• **Work item**: Keep the images out and copy every entry below exactly.

• **Provided entries**:
·····

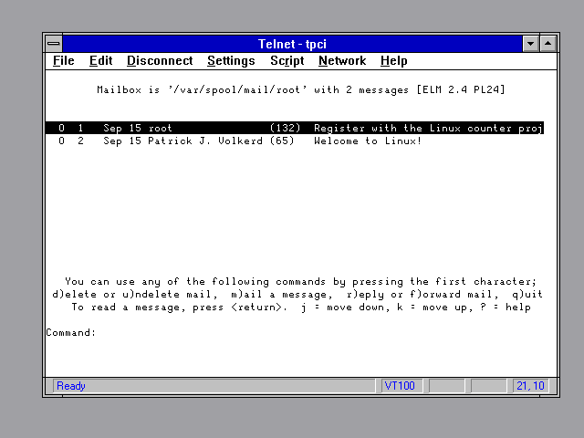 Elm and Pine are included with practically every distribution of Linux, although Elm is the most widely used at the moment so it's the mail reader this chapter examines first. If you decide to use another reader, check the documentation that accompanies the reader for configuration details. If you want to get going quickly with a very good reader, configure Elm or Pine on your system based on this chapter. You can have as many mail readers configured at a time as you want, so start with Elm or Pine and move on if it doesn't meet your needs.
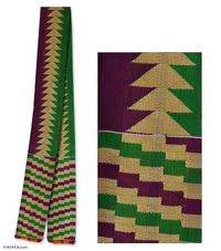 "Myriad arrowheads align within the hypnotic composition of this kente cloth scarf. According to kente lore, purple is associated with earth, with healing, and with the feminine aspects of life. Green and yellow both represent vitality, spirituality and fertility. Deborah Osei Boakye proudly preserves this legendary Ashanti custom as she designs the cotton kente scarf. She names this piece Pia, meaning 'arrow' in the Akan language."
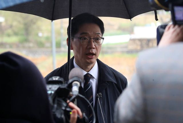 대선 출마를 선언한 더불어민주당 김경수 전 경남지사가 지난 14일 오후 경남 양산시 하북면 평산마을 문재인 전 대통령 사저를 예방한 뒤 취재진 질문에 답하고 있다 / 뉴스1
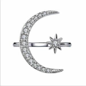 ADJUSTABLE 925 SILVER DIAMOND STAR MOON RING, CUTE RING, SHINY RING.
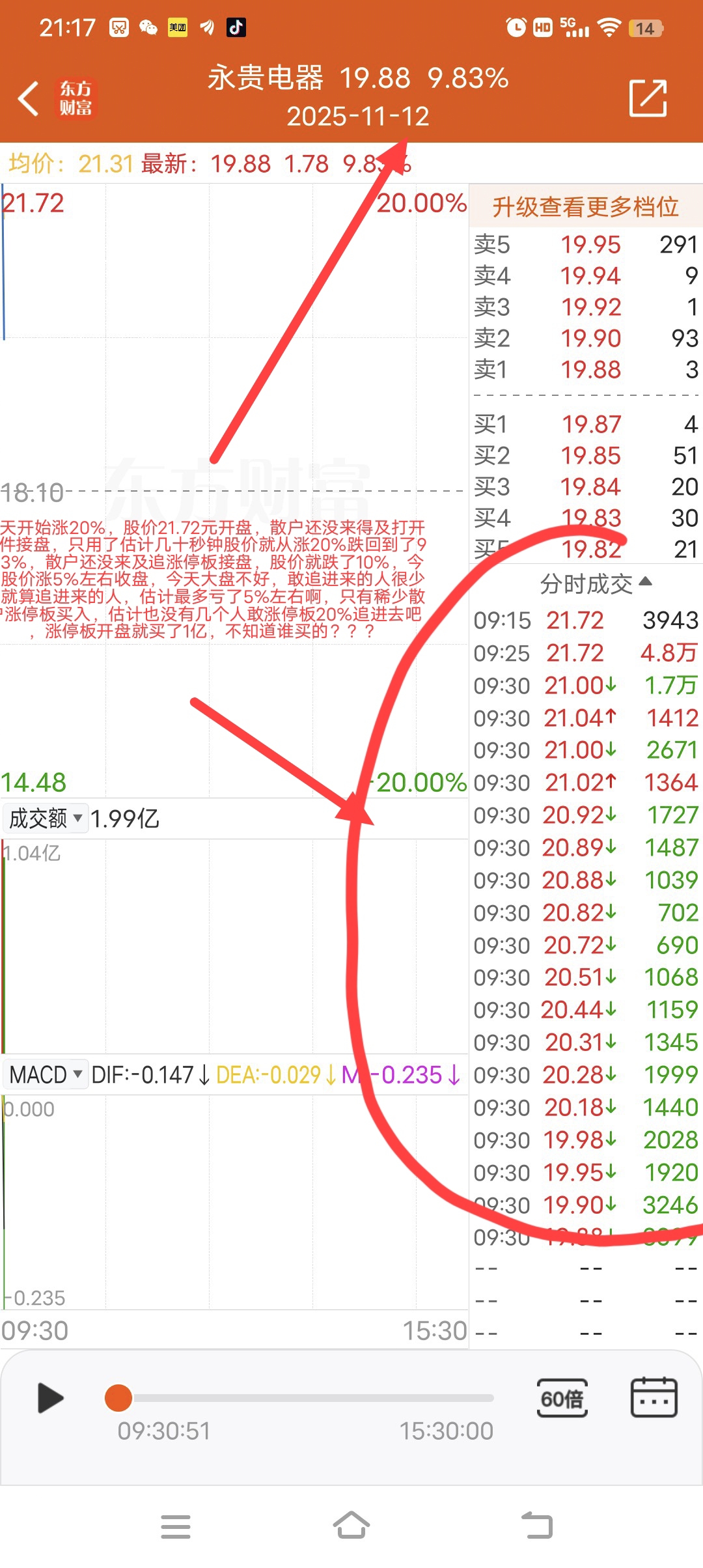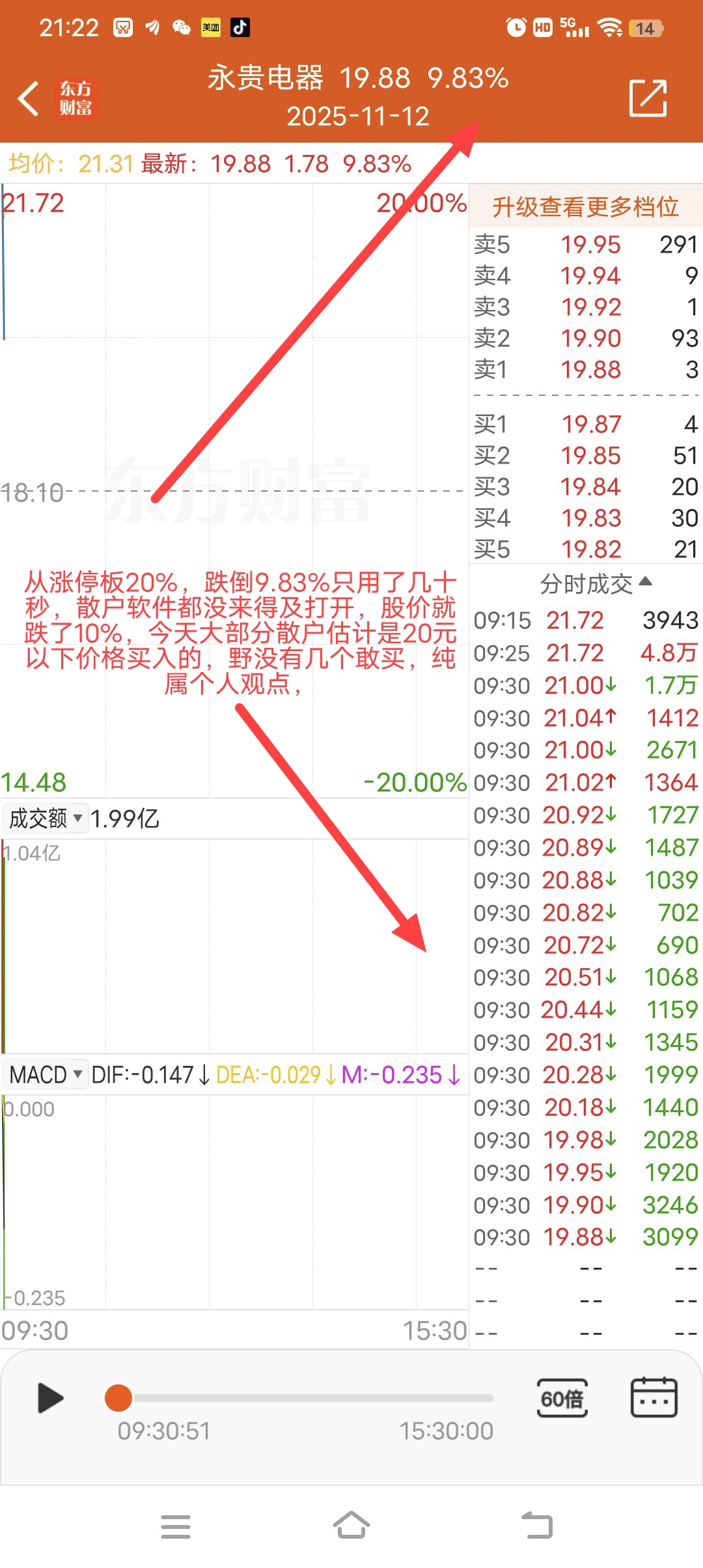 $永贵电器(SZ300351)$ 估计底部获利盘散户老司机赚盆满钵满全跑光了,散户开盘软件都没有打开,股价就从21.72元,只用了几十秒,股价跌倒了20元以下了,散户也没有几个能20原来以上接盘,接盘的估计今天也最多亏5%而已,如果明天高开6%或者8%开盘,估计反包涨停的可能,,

·····

• **Response to the task**:
 Elm and Pine are included with practically every distribution of Linux, although Elm is the most widely used at the moment so it's the mail reader this chapter examines first. If you decide to use another reader, check the documentation that accompanies the reader for configuration details. If you want to get going quickly with a very good reader, configure Elm or Pine on your system based on this chapter. You can have as many mail readers configured at a time as you want, so start with Elm or Pine and move on if it doesn't meet your needs.
 "Myriad arrowheads align within the hypnotic composition of this kente cloth scarf. According to kente lore, purple is associated with earth, with healing, and with the feminine aspects of life. Green and yellow both represent vitality, spirituality and fertility. Deborah Osei Boakye proudly preserves this legendary Ashanti custom as she designs the cotton kente scarf. She names this piece Pia, meaning 'arrow' in the Akan language."
 대선 출마를 선언한 더불어민주당 김경수 전 경남지사가 지난 14일 오후 경남 양산시 하북면 평산마을 문재인 전 대통령 사저를 예방한 뒤 취재진 질문에 답하고 있다 / 뉴스1
 ADJUSTABLE 925 SILVER DIAMOND STAR MOON RING, CUTE RING, SHINY RING.
 $永贵电器(SZ300351)$ 估计底部获利盘散户老司机赚盆满钵满全跑光了,散户开盘软件都没有打开,股价就从21.72元,只用了几十秒,股价跌倒了20元以下了,散户也没有几个能20原来以上接盘,接盘的估计今天也最多亏5%而已,如果明天高开6%或者8%开盘,估计反包涨停的可能,,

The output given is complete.